The reinvention of the indoor plant
Finally people are starting to appreciate the benefits of having plants inside the house.
Plants not only help purify the air, they also act as de-stressers by bringing nature into our lives in an otherwise artificial world.
The amount of toxins released from furniture and carpet in offices and homes is more than you will find outdoors, so plants play a vital role in helping to give us fresh air to breathe.
There is no such thing as an indoor plant; most of the plants that grow in low light levels are forest plants that require moisture, humidity, dappled light and small fluctuations in temperature.
It may seem a hard ask but plants will also adapt to different situations as long as there is enough light to photosynthesise.
Always leave plants in the plastic pots you fit inside your decorative pots, so you can move them around, take them outside for short periods and liquid fertilise them. Never leave in full sun or outside at night.
Divide your indoor plants up into the light levels that suit them best. You may need to move them into different zones of the house to find the spot they like most.

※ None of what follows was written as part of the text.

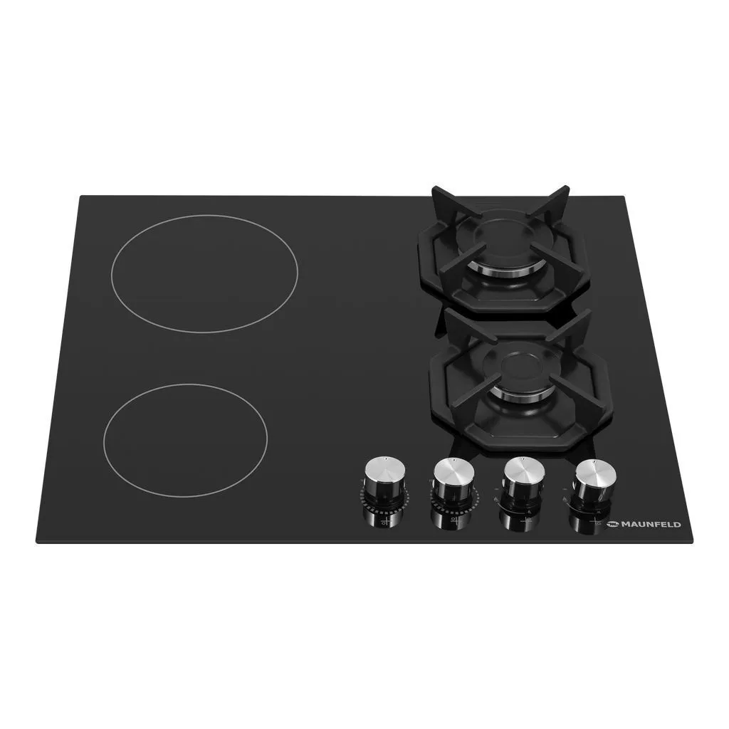 Стильная встраиваемая комбинированная варочная панель шириной 60 см - идеальное сочетание газовой и электрической плит. Панель черного цвета выполнена из закаленного стекла толщиной 8 мм, устойчивого к царапинам, сколам и постоянным перепадам температур. Может работать как от магистрального газа, так и от газа в баллоне (тип G30), для этого достаточно поставить специальные жиклеры французской фирмы SOURDILLON, имеющиеся в комплекте.

Lightly spray your plants with water every second day in summer, don’t leave them near the air-conditioner and take them on to the veranda to hose dust off the leaves and flush out accumulated salts from fertiliser. Use slow-release fertiliser but supplement with a liquid solution in spring and summer when they are actively growing.
GREAT INDOOR PLANTS
Low light: Zanzibar gem (Zamioculcas zamiifolia), Chinese lucky plant (aglaonema), cast-iron plant (aspidistra), lady palm (Rhapis excelsa), happy plant (Dracaena sanderiana).
Medium light: Peace lily (Spathyphyllum Sensation), bromeliad, diffenbachia, moth orchid (Phalaenopsis), kentia palm (Howea forsteriana), ferns, prayer plant (Maranta), Christmas berry (Ardisia crenata), arrow plant (Syngonium).
TIP: Wattles are starting to flower and it’s a great time to select the plant that suits your place. Look for the grafted weeping varieties and grafted ground covers.